* [PROBLEM DETAILS]
Write out the following listing's lines from the one with "4 x Triangle" to the one with "- 5. Dokumen", exactly, with both included and no others.

* [SUPPLIED MATERIAL]
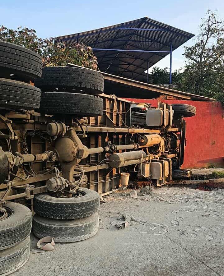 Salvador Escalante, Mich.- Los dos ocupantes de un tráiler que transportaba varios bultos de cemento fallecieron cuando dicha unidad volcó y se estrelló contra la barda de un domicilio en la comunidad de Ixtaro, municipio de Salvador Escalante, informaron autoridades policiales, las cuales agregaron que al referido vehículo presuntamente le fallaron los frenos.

---

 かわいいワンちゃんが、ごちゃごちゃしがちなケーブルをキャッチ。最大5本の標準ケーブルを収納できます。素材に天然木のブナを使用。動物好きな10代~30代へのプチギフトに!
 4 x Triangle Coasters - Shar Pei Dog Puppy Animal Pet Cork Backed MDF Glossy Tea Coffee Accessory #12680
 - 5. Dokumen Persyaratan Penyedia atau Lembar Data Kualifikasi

* [PROBLEM SOLUTION]
 4 x Triangle Coasters - Shar Pei Dog Puppy Animal Pet Cork Backed MDF Glossy Tea Coffee Accessory #12680
 - 5. Dokumen Persyaratan Penyedia atau Lembar Data Kualifikasi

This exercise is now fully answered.